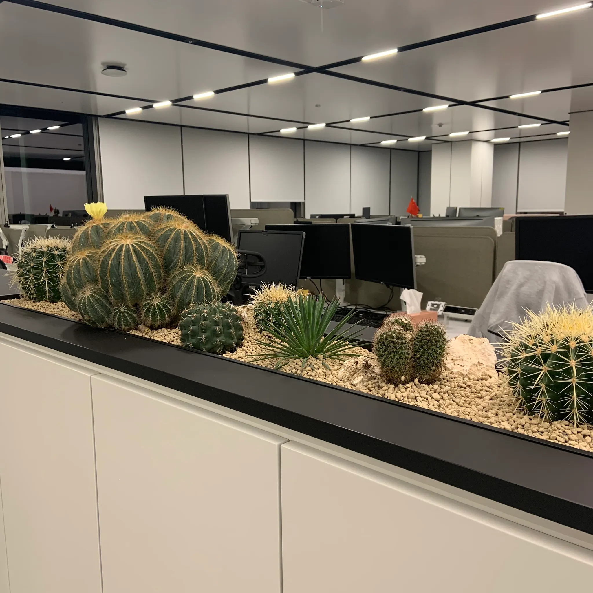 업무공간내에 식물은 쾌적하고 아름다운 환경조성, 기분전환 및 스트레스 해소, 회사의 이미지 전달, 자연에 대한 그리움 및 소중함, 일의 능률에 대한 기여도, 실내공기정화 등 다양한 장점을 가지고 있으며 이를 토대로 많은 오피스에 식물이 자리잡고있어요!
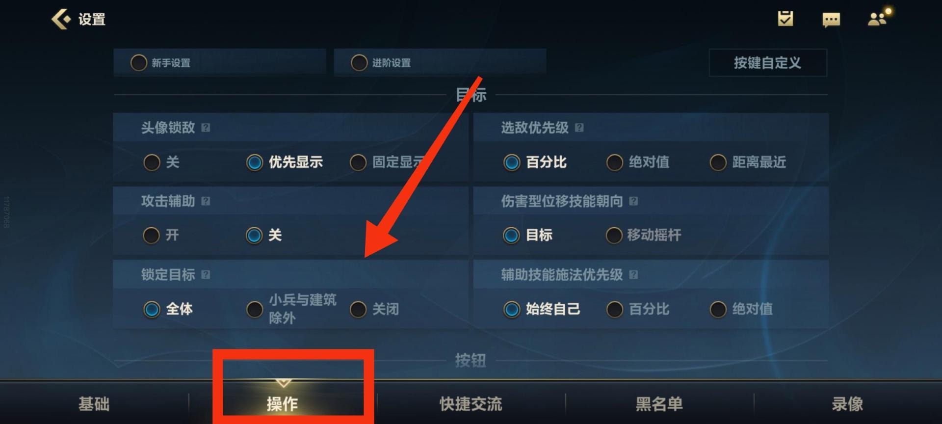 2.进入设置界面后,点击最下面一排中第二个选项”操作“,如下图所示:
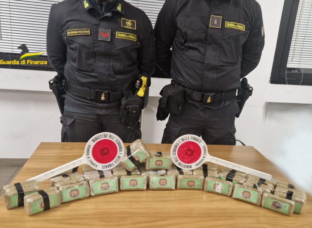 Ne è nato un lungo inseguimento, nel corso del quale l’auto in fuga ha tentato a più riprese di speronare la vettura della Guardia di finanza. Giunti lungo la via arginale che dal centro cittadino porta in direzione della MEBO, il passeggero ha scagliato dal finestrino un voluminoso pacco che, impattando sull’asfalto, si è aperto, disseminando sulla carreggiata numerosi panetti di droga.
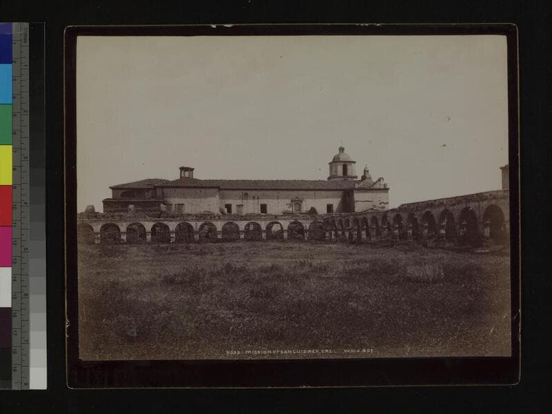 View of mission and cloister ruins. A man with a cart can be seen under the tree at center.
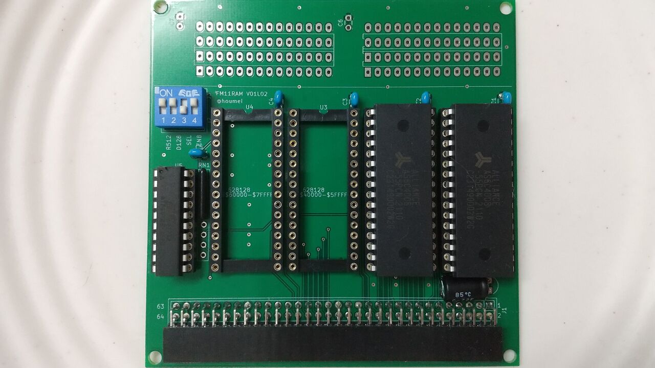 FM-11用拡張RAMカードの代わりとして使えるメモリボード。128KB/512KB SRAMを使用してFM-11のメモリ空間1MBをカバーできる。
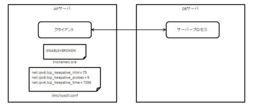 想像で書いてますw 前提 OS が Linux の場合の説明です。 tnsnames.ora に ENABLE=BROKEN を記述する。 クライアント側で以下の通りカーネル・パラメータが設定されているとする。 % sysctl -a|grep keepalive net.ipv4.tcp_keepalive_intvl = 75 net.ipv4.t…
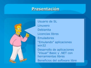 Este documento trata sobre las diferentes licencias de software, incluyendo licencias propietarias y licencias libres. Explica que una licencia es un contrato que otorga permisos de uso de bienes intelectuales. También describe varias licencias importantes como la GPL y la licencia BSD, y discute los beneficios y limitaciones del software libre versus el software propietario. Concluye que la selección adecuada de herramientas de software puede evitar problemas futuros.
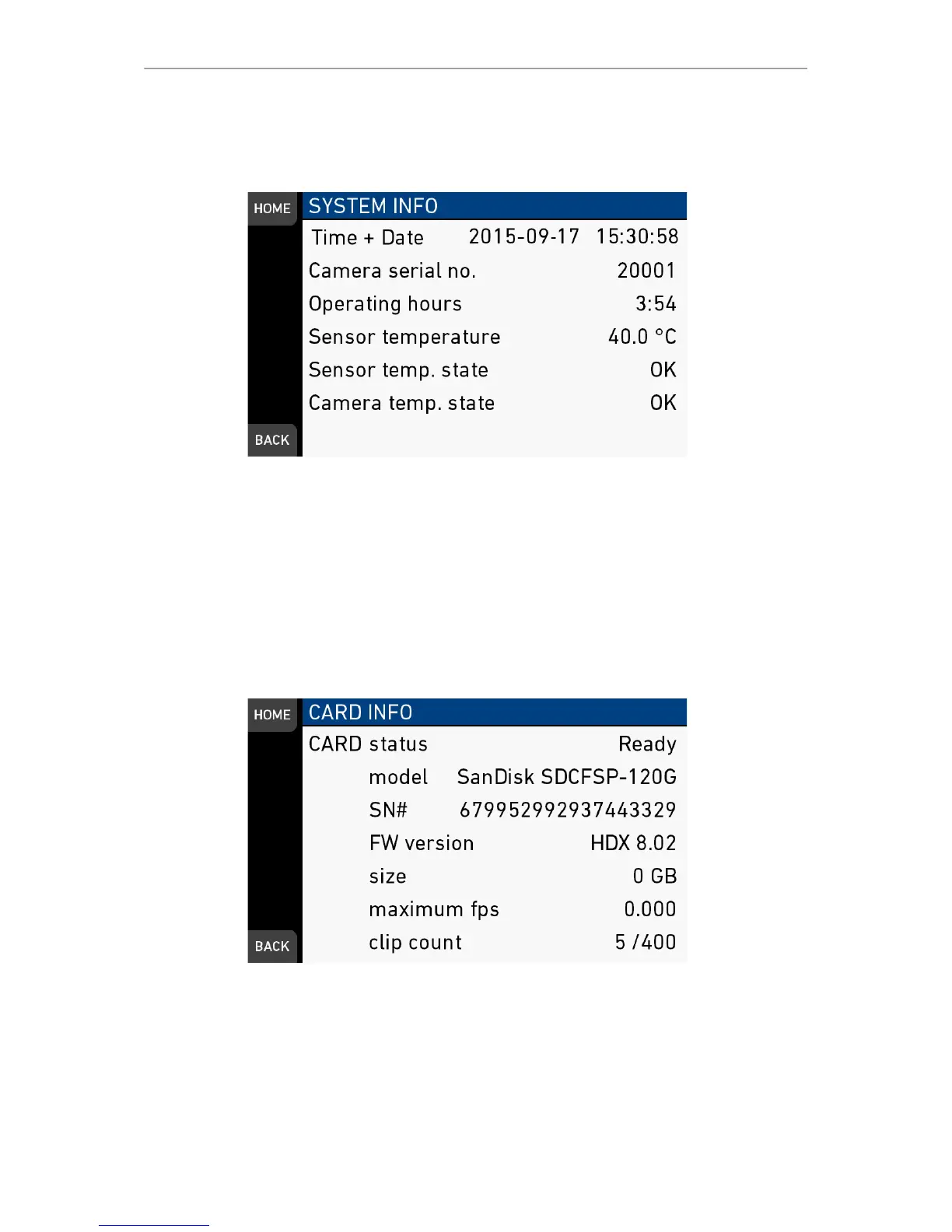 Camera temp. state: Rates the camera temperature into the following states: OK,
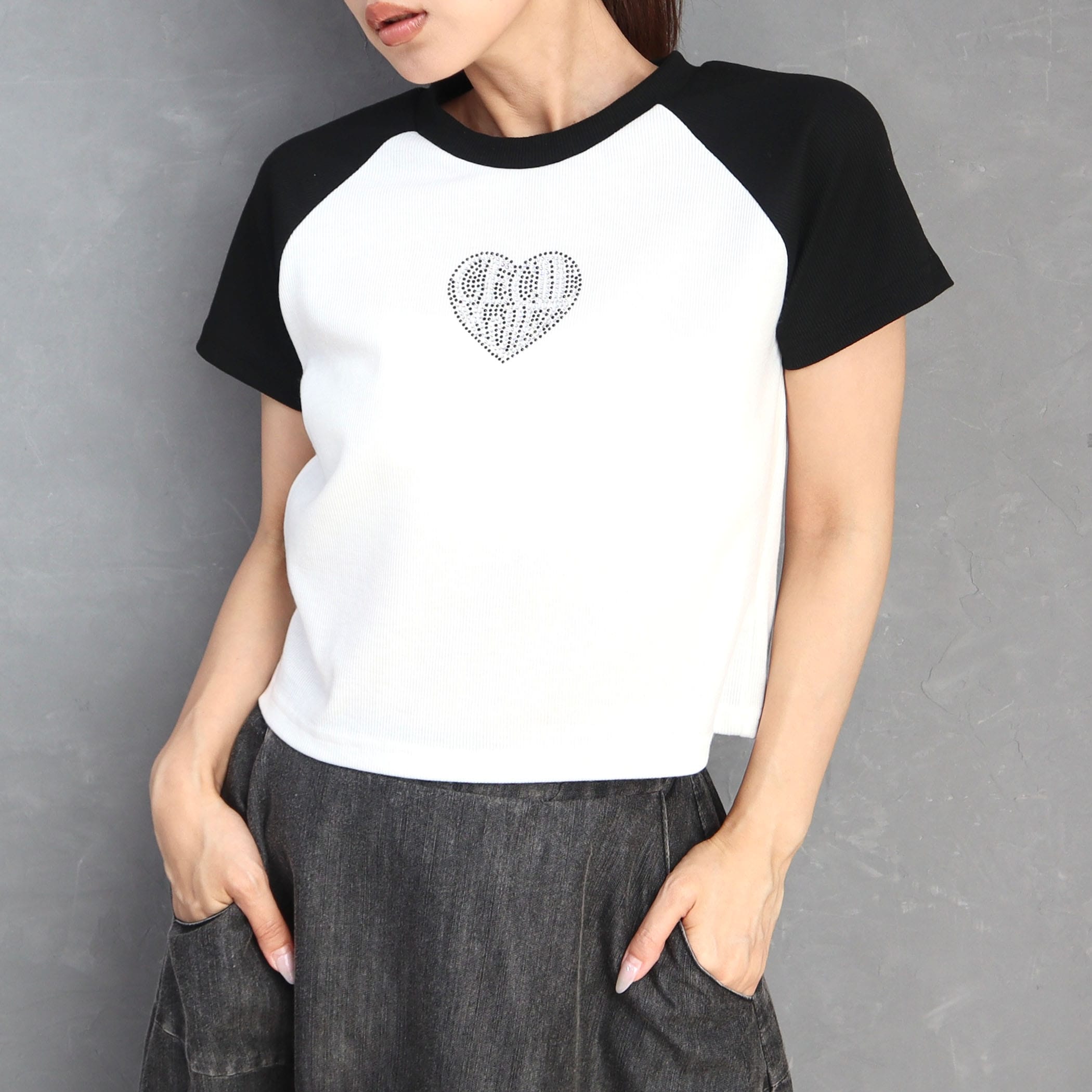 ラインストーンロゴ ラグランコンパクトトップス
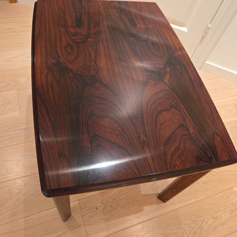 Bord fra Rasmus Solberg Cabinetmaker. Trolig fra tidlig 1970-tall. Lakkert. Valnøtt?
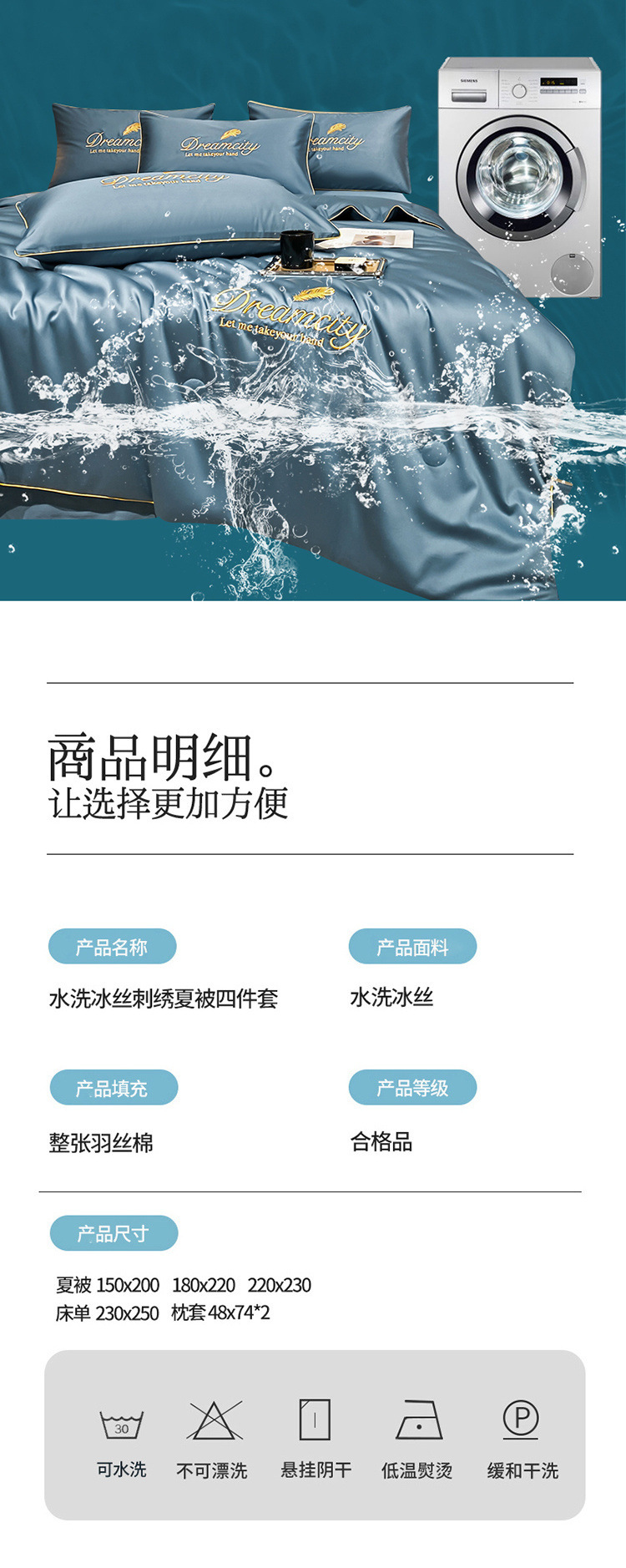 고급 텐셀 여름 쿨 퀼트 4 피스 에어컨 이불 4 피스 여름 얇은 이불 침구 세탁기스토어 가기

[Description of the task] All that should be printed is the run of lines above from the one with "FM-11用拡張RAMカード" through the one with "想像で書いてますw 前提 OS", both included, exactly as given, with pictures left out.

[Result below]
 FM-11用拡張RAMカードの代わりとして使えるメモリボード。128KB/512KB SRAMを使用してFM-11のメモリ空間1MBをカバーできる。
 想像で書いてますw 前提 OS が Linux の場合の説明です。 tnsnames.ora に ENABLE=BROKEN を記述する。 クライアント側で以下の通りカーネル・パラメータが設定されているとする。 % sysctl -a|grep keepalive net.ipv4.tcp_keepalive_intvl = 75 net.ipv4.t…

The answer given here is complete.